From the above logs, we can see that the container starts correctly, prints the statements and runs until the wmf_airflow_common import.
So, it seems that it cannot find the wmf_common files. Do I miss something?
I tried to build the image locally run it interactively but I cannot see the wmf code.

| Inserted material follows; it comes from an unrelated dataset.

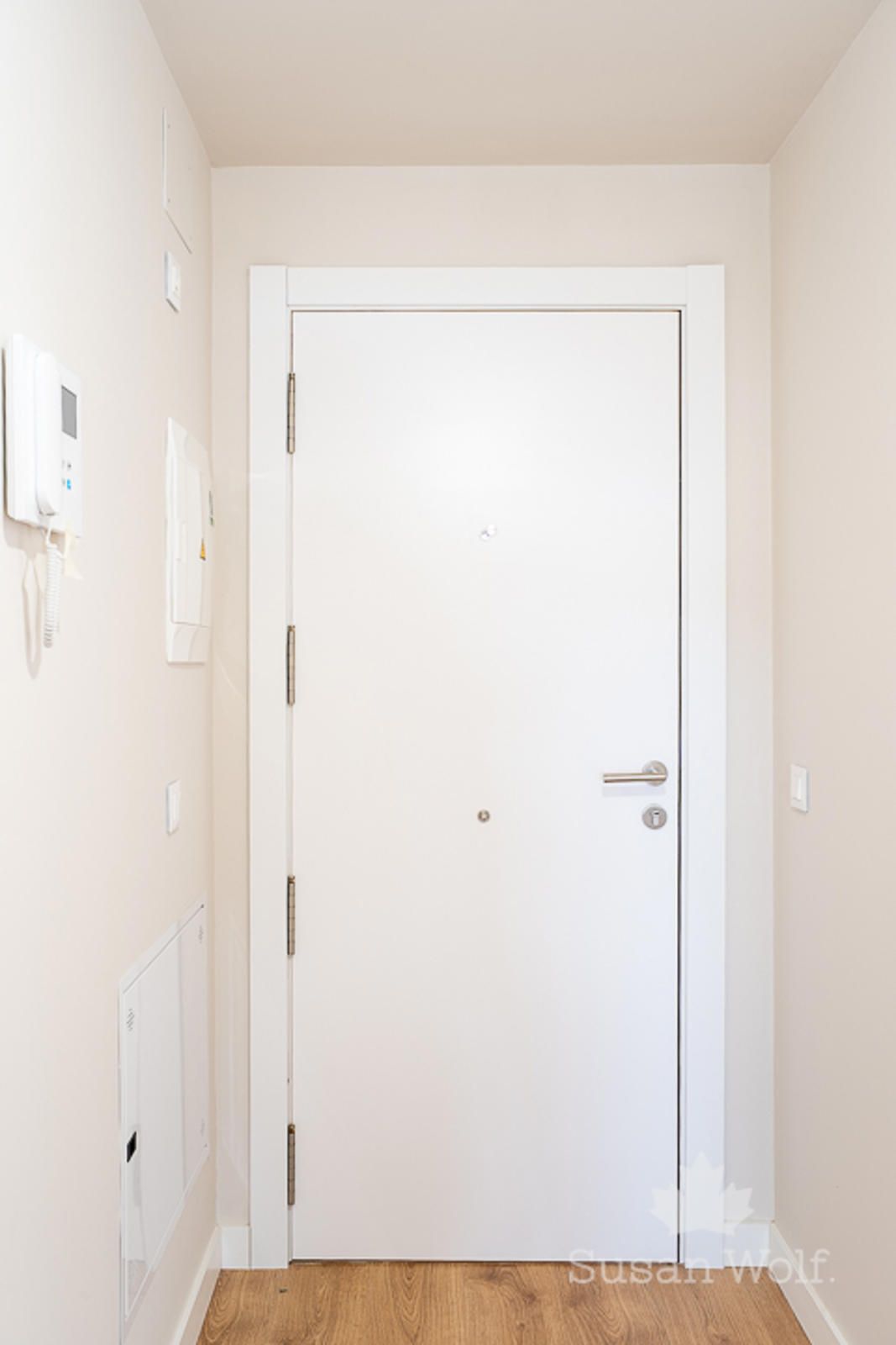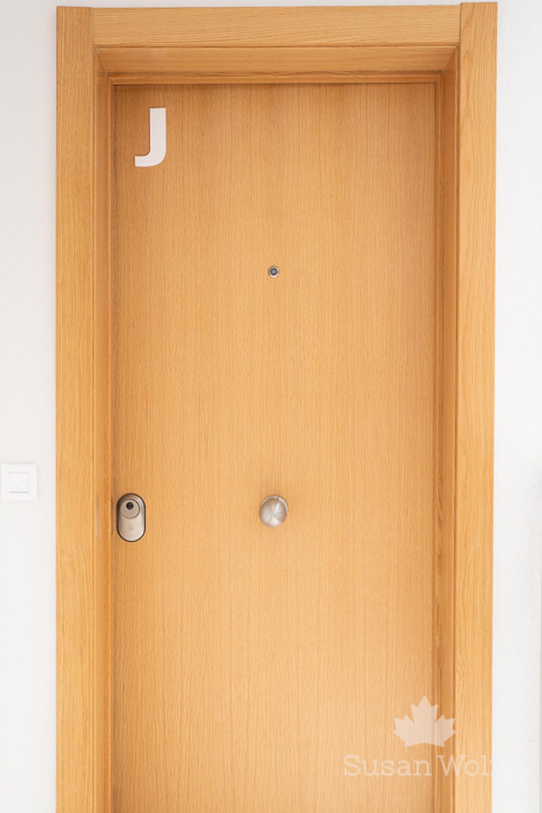 Puerta de entrada blindada con cerradura de seguridad.

Do I need to pip install it or something?

I tried to avoid importing the s3_client using from wmf_airflow_common.clients.s3 import get_s3_client and implement the logic directly in the container like this.

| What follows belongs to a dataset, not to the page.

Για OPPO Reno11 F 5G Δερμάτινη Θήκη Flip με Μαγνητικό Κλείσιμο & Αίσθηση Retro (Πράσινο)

Now I am getting this error:

[2025-10-22, 11:56:44 UTC] {pod_manager.py:536} INFO - [base] Unable to load the config, contains a configuration error.
[2025-10-22, 11:56:44 UTC] {pod_manager.py:536} INFO - [base] Traceback (most recent call last):
[2025-10-22, 11:56:44 UTC] {pod_manager.py:536} INFO - [base]   File "/usr/lib/python3.11/pathlib.py", line 1117, in mkdir
[2025-10-22, 11:56:44 UTC] {pod_manager.py:536} INFO - [base]     os.mkdir(self, mode)

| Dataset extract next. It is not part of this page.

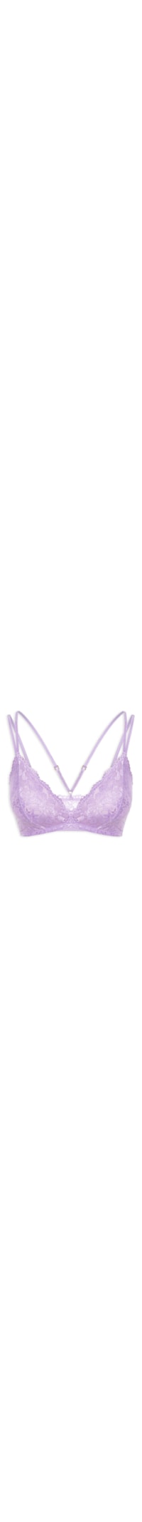 O sutiã lilás é confeccionado em renda com alta elasticidade. A peça possui decote V transpassado, alças finas duplas com regulagem, recortes frontais, laterais médias, forro em tule, sem bojo, transparência e elástico embutido na barra.

[2025-10-22, 11:56:44 UTC] {pod_manager.py:536} INFO - [base] FileNotFoundError: [Errno 2] No such file or directory: '/opt/airflow/logs/scheduler/2025-10-22'
[2025-10-22, 11:56:44 UTC] {pod_manager.py:536} INFO - [base] During handling of the above exception, another exception occurred:

You can see the full logs in the following pase:

1tone-check-training-dag-upload-model-to-s3-iq5wn62q
2Log message source details
3[2025-10-22, 11:56:28 UTC] {local_task_job_runner.py:123}Pre task execution logs
4[2025-10-22, 11:56:28 UTC] {crypto.py:82} WARNING - empty cryptography key - values will not be stored encrypted.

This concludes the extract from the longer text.